[[ Data for review open ]]

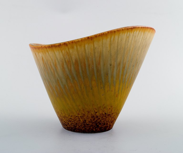 Carl Harry Stålhane/Stalhane, Rörstrand/Rorstrand stoneware vase. Beautiful glaze in yellow, green and brown shades.
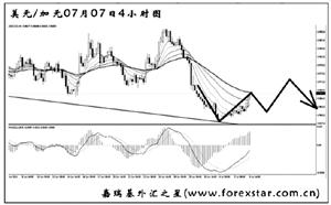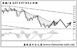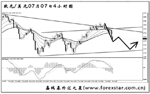 歐元兌美元此前的上漲刺破了日線圖形成的下降壓力線,但未能形成有效突破,短線匯價重新選擇下行,且力度強(qiáng)勁。圖中的震蕩通道為前一段時間形成,現(xiàn)在來看仍然起到一定的效果。預(yù)計歐元將首先向下挑戰(zhàn)通道下沿1.4140一線支撐,能否跌破成為后市繼續(xù)下跌的關(guān)鍵。
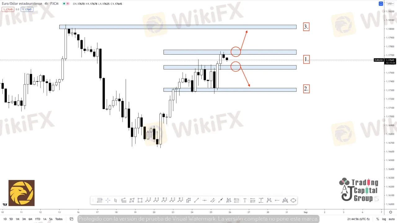 3. Por su parte, de conservar el impulso de compra, el precio podría llegar a crear una estructura de compra, por encima de la zona (1) y crear un recorrido alcista hasta este nivel. Consolidado en una resistencia semanal.
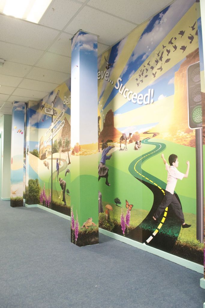 The design ideas featured here cover various transformations of school spaces by producing panel displays, wallpaper, printing on doors, floors, windows, as well as directly onto walls. Various materials, printing techniques and state of the art technology have been used. We often mix materials and techniques to create something original. Make sure you scroll through our gallery to see all of the innovative design solutions for these school areas.
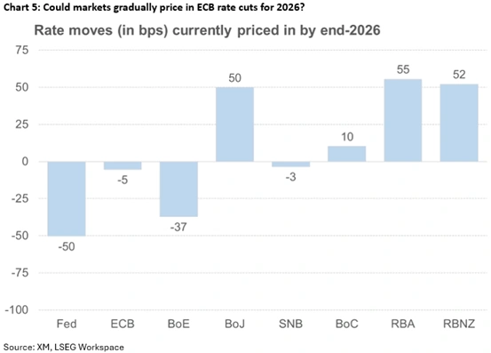 一系列強勁的美國數據,若能印證目前勞動力市場企穩的跡象,同時通脹壓力再次小幅回落,可能為美元提供重要的喘息之機。然而,美聯儲官員的鷹派言論對於這種走勢的持續性至關重要。儘管美聯儲會議基調樂觀,且米拉恩(Miran)此次投票支持降息25個基點,但就現階段而言,美聯儲官員發表鷹派言論並非基準情景。
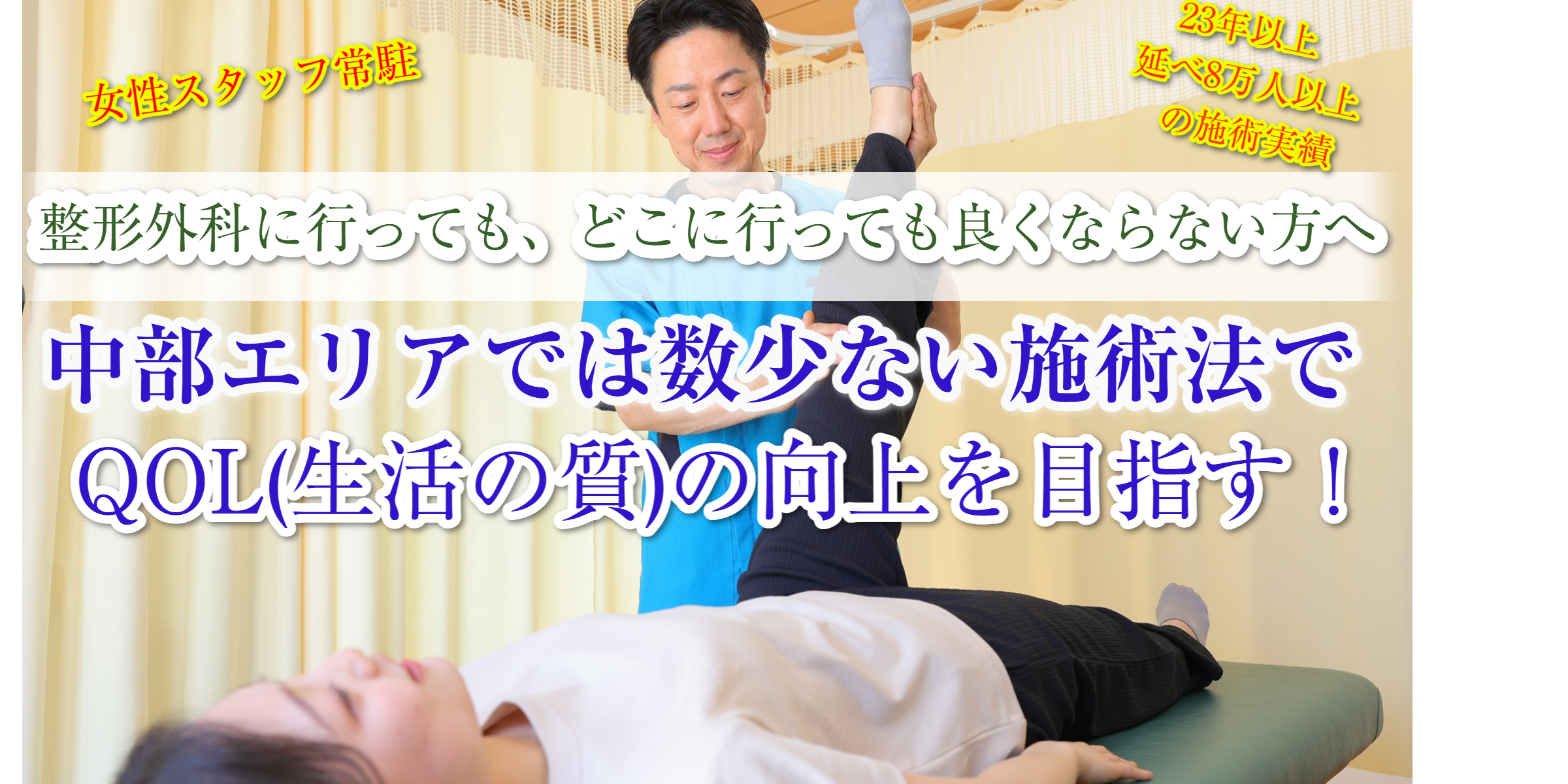 〇当院の院長・藤田武俊は、東海地区でも数少ない施術法を駆使し、本場のカイロプラクティックや東洋医学の考え方など、さまざまな施術法に基づき、22年以上・延べ8万人以上の臨床経験を持つ、信頼と実績を誇る施術の専門家です。これまでに、手術を避けたい方や、薬に頼らずに痛みを解消したい方にも数多くの成果を上げており、どこへ行っても改善しなかった症状が改善した例も多数あります。
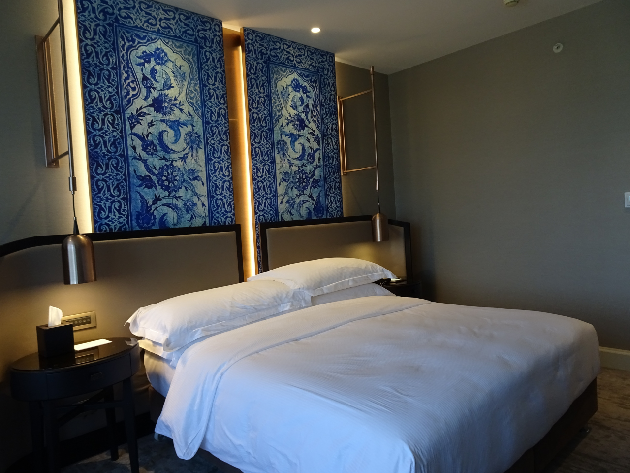 客室はダブルルーム、電灯で浮かびでるトルコブルーの壁紙がとても素敵でした。
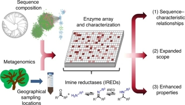 中国科学院天津工业生物技术研究所研究员朱敦明、吴洽庆带领的生物催化与绿色化工团队,与英国曼彻斯特大学教授Nicholas J. Turner、英国Prozomix公司合作,开发出基于宏基因组的亚胺还原酶筛选与表征的工具箱。该研究基于宏基因组文库和基因组数据库的生物信息学分析,发现了300多个未知序列的新亚胺还原酶;开发了基于亚胺还原酶氧化方向的高通量显色方法;构建了含384个亚胺还原酶的微孔板,并快速鉴定了其热稳定性及其对不同结构类型酮与胺的催化能力;利用动态动力学拆分过程,实现了N-取代β-氨基酸酯高产率、高立体选择性及高非对映选择性的不对称合成。该研究为进一步拓展亚胺还原酶的合成应用提供新的策略和方法,也为高效构建其他酶工具箱提供新思路。
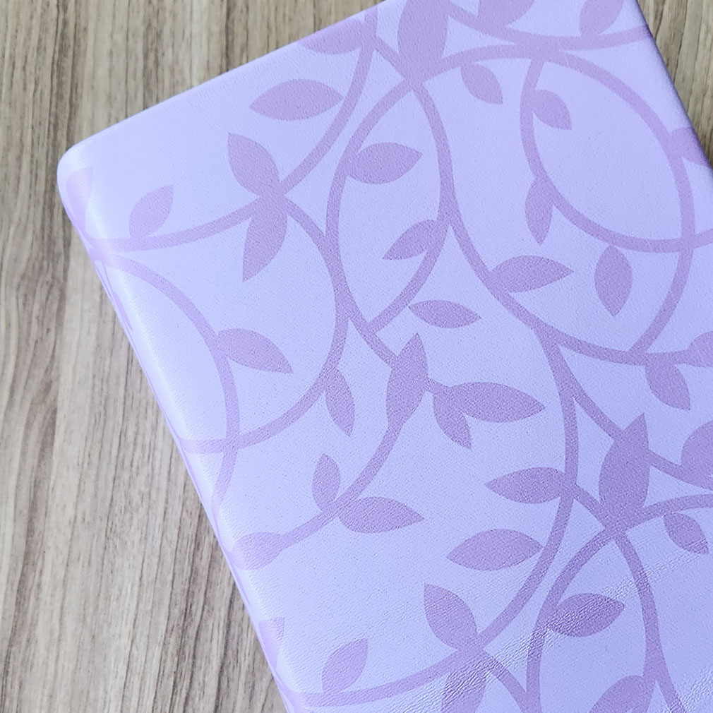 Delight in the charm of patterned scriptures and find a new way to express your faith and personality as you engage with the Holy Scriptures. Our patterns are professionally designed and printed on genuine lambskin leather before being hand-bound with love and care. Graceful vines stretch across the purple backdrop in a pattern that is both stylish and delightful. This monochromatic design balances a sense of peace and creativity. These patterned scriptures are a great gift for women of all...
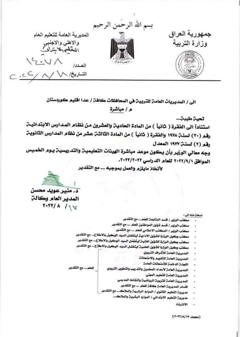 وقالت الوزارة في بيان تلقى موقع كربلاء الاخباري نسخة منه، أن "المديرية العامة للتعليم العام والأهلي والأجنبي وجهت المديريات العامة كافة / عدا اقليم كردستان باعتماد يوم الخميس الموافق الـ1 من أيلول الحالي موعداً لمباشرة الملاكات التعليمية والتدريسية في المدارس".
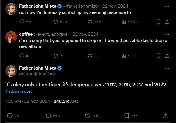 Oui, c’est bien arrivé. C’est donc la cinquième fois qu’une sortie d’album de Father John Misty se fait saborder par Kendrick Lamar. Une coïncidence dont le principal intéressé avait l’air au courant au vu de sa réponse. Twitter devient hilare et plein de compassion envers le musicien. Certains remixent les musiques des deux artistes pour en faire un album commun. Certains découvrent avec plaisir la musique du crooner grâce à cette affaire.

[[ Data for review closed ]]

#### Exercise brief
For this exercise, please set down exactly the lines of the listing above from the line with "客室はダブルルーム、電灯で浮かびでるトルコブルーの壁紙がとても素敵でした。" up to and including the line with "وقالت الوزارة في", and no pictures.

#### Solution for this task
 客室はダブルルーム、電灯で浮かびでるトルコブルーの壁紙がとても素敵でした。
 中国科学院天津工业生物技术研究所研究员朱敦明、吴洽庆带领的生物催化与绿色化工团队,与英国曼彻斯特大学教授Nicholas J. Turner、英国Prozomix公司合作,开发出基于宏基因组的亚胺还原酶筛选与表征的工具箱。该研究基于宏基因组文库和基因组数据库的生物信息学分析,发现了300多个未知序列的新亚胺还原酶;开发了基于亚胺还原酶氧化方向的高通量显色方法;构建了含384个亚胺还原酶的微孔板,并快速鉴定了其热稳定性及其对不同结构类型酮与胺的催化能力;利用动态动力学拆分过程,实现了N-取代β-氨基酸酯高产率、高立体选择性及高非对映选择性的不对称合成。该研究为进一步拓展亚胺还原酶的合成应用提供新的策略和方法,也为高效构建其他酶工具箱提供新思路。
 Delight in the charm of patterned scriptures and find a new way to express your faith and personality as you engage with the Holy Scriptures. Our patterns are professionally designed and printed on genuine lambskin leather before being hand-bound with love and care. Graceful vines stretch across the purple backdrop in a pattern that is both stylish and delightful. This monochromatic design balances a sense of peace and creativity. These patterned scriptures are a great gift for women of all...
 وقالت الوزارة في بيان تلقى موقع كربلاء الاخباري نسخة منه، أن "المديرية العامة للتعليم العام والأهلي والأجنبي وجهت المديريات العامة كافة / عدا اقليم كردستان باعتماد يوم الخميس الموافق الـ1 من أيلول الحالي موعداً لمباشرة الملاكات التعليمية والتدريسية في المدارس".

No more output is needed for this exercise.